▶ Assigned task
No pictures go into the copy. Write out exactly the lines below from the one containing "Cette plaque fut" through the one containing "A Rare American".

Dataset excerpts
= Beginning of Section =
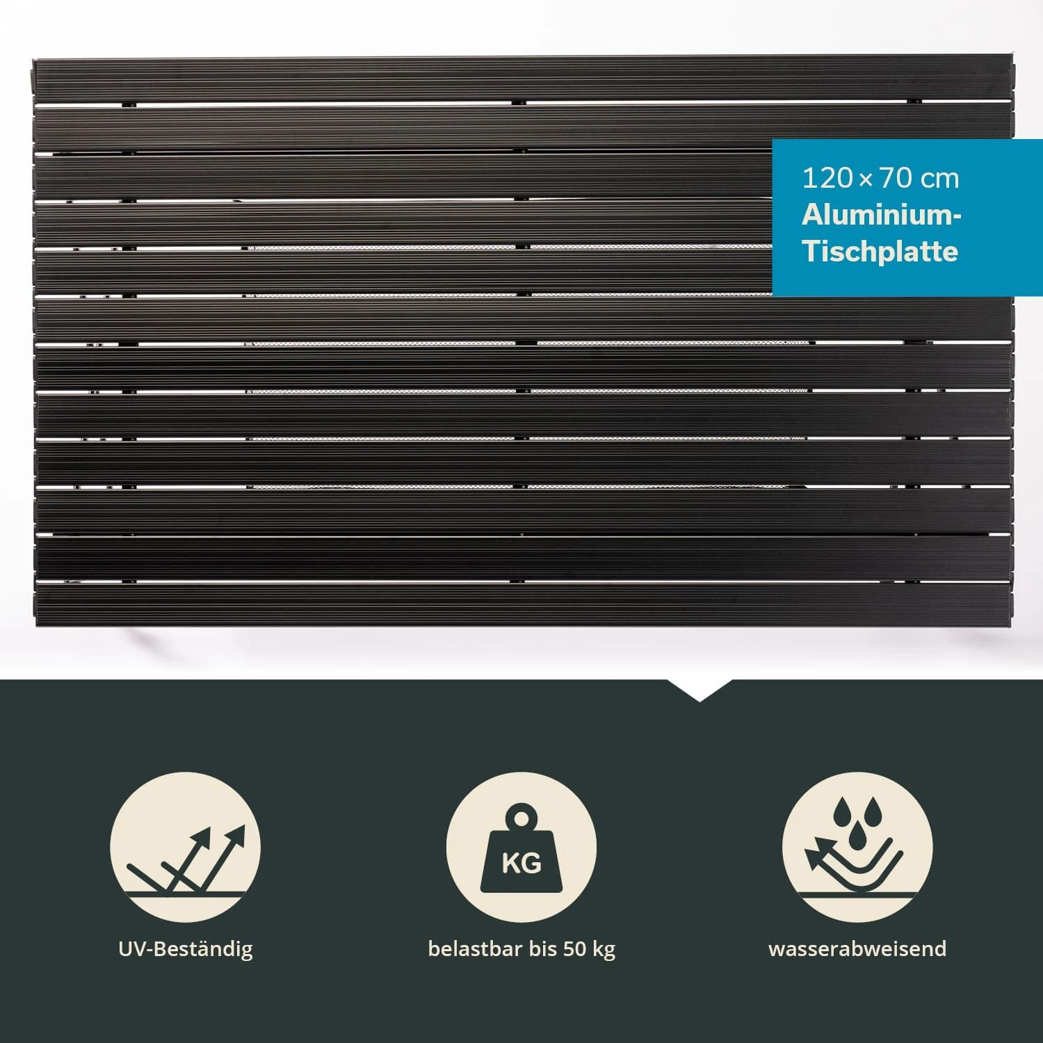 * Tafelblad: 120 x 70 cm / Hoogte: 58 – 78 cm / Gewicht: 6,1 kg / Pakmaat: 123 x 19 x 12 cm
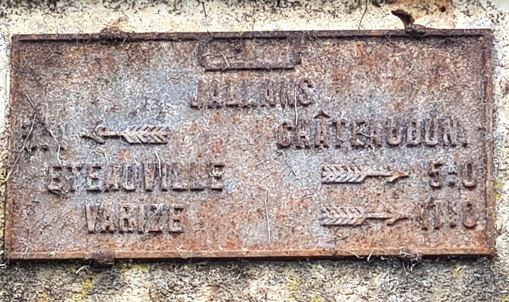 Cette plaque fut ces dernières années enfouie sous la végétation recouvrant la façade de la maison. Rue de la République (D7927) à l’angle de la rue des Bordes, à l’époque nous étions sur le Chemin de Grande Communication N°48 allant de Montmirail à Toury par Châteaudun . Une déviation fut mise en place à Jallans en 2006.
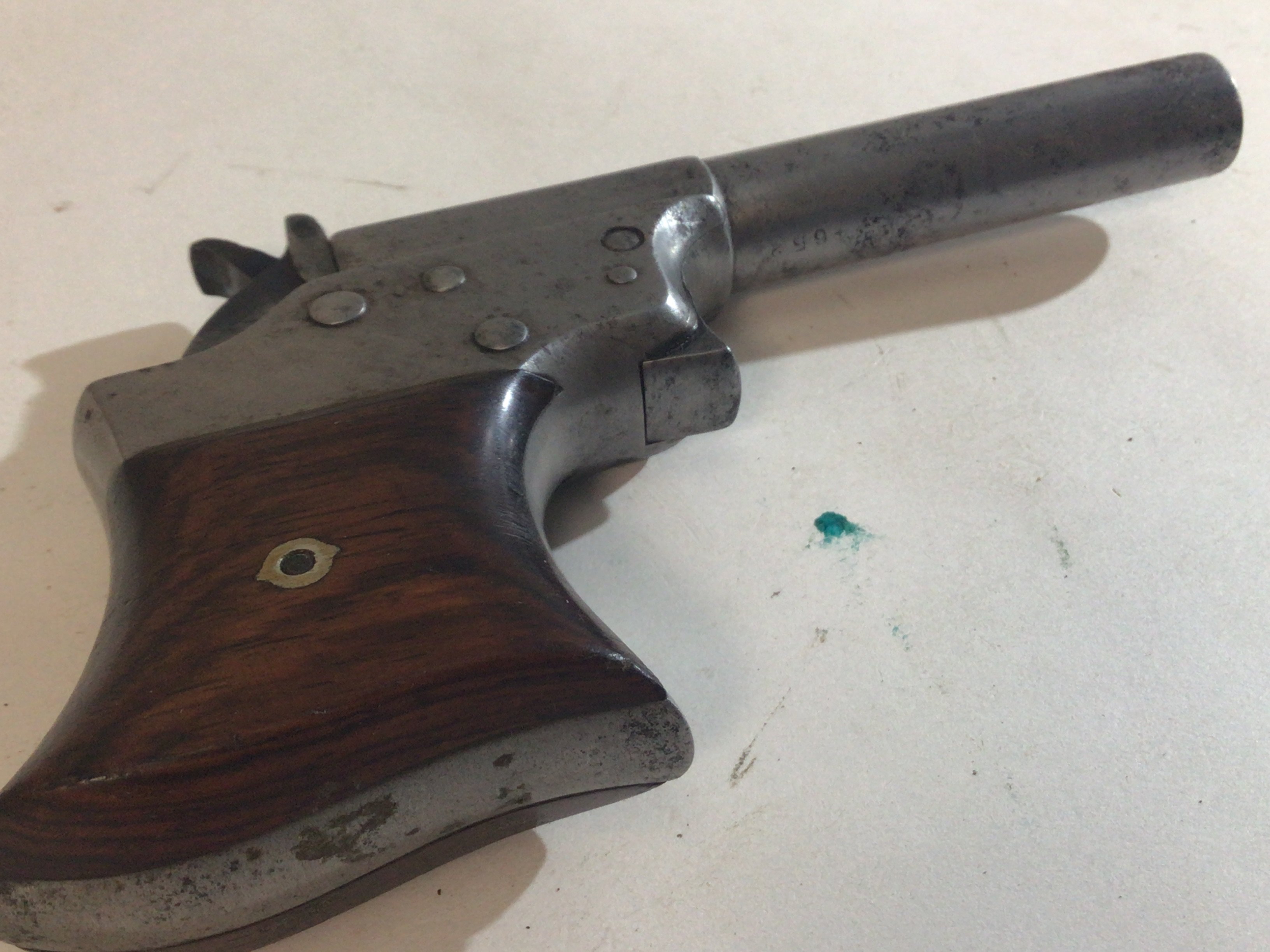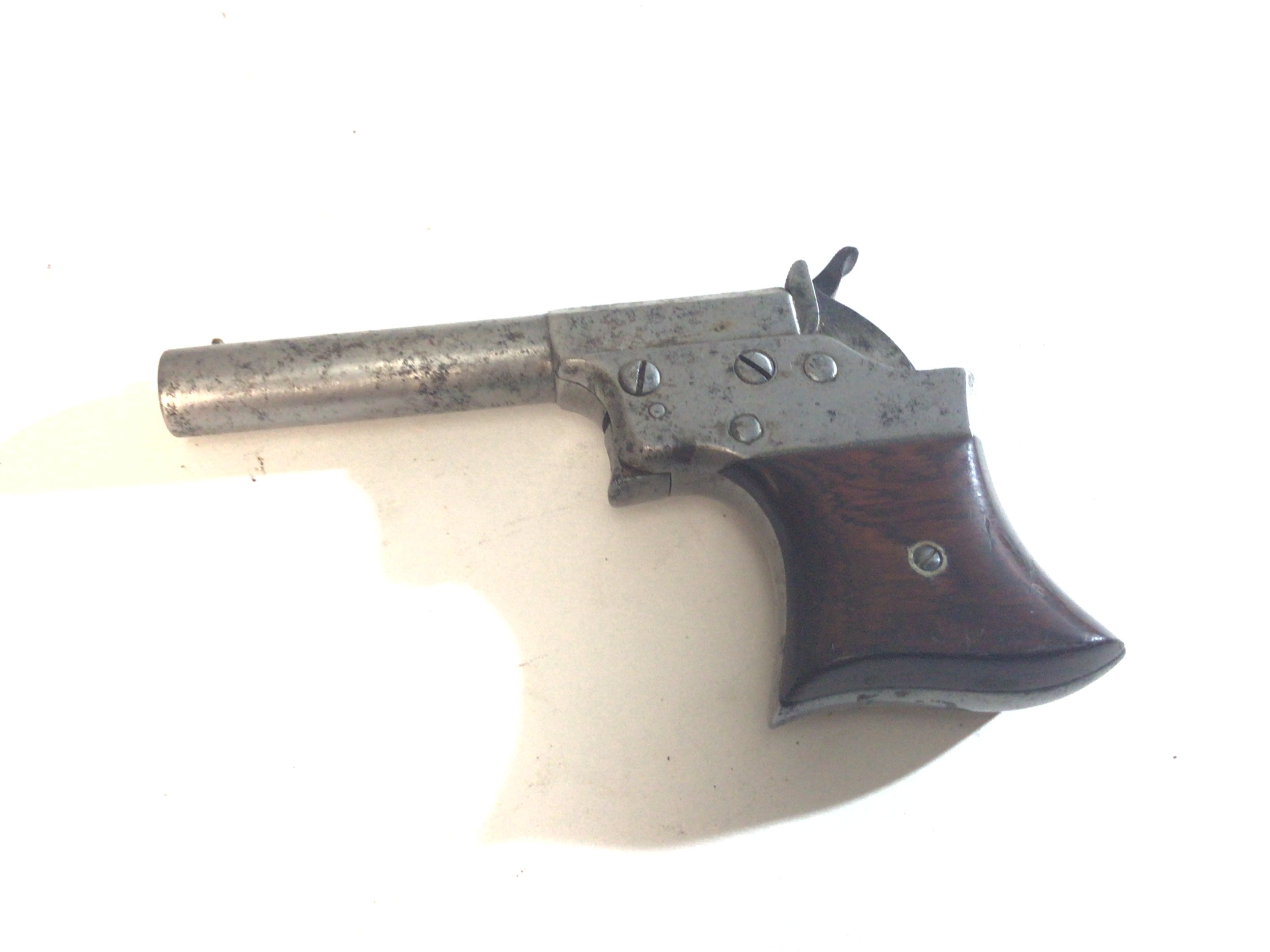 A Rare American Remington .41 Caliber Rim Fire Vest Pocket Deringer Pistol. Circa 1860 these where produced in low numbers the top of the action with Remington and Patient dates Oct 1 1861 serial number possible 861
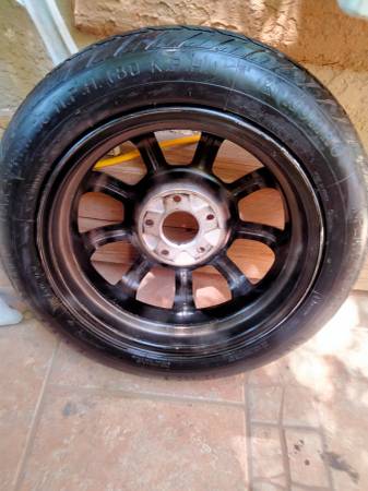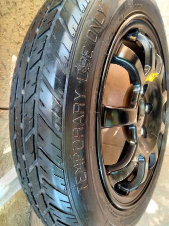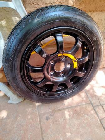 Please text! 9one5 two76 43 fourfour 5x4.5 on the lugs...wheel is aluminum...Hyundai brand, but fits any with this lug pattern. Little to no use on it. Always be ready..especially long road trips....
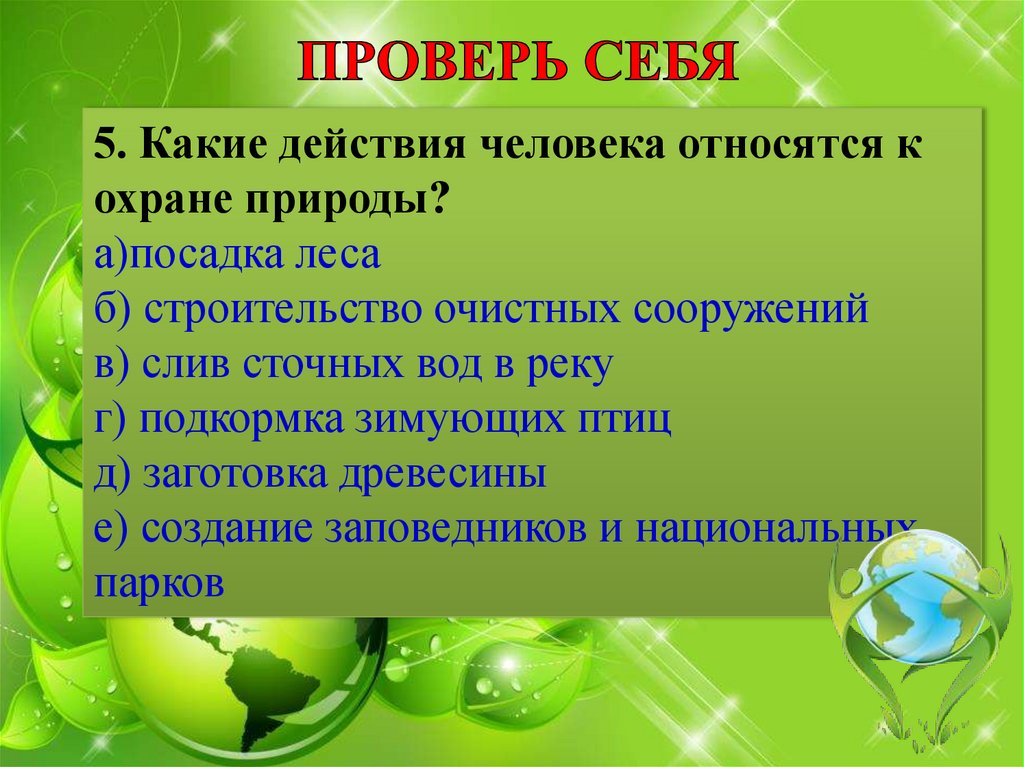 5. Какие действия человека относятся кохране природы?
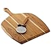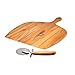 Two-piece pizza prepping-and-serving set features beautiful teakwood peel and handle construction; cutter blade made from durable stainless steel
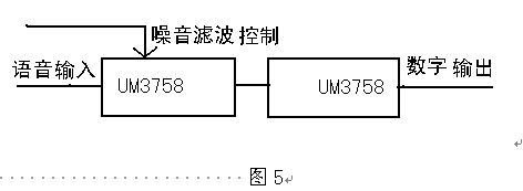滤波功能是自动识别(阻挡)我们在设计阶段设计好的各个工况的语音情况,例如:司机的讲话及车辆杂音等(在麦克风的工况下),以确保输入语音的可靠性、稳定性,特采用UM3758串行编译码一体化进行滤波电路。如图5。
= End of Section =
▶ Answer for the task
 Cette plaque fut ces dernières années enfouie sous la végétation recouvrant la façade de la maison. Rue de la République (D7927) à l’angle de la rue des Bordes, à l’époque nous étions sur le Chemin de Grande Communication N°48 allant de Montmirail à Toury par Châteaudun . Une déviation fut mise en place à Jallans en 2006.
 A Rare American Remington .41 Caliber Rim Fire Vest Pocket Deringer Pistol. Circa 1860 these where produced in low numbers the top of the action with Remington and Patient dates Oct 1 1861 serial number possible 861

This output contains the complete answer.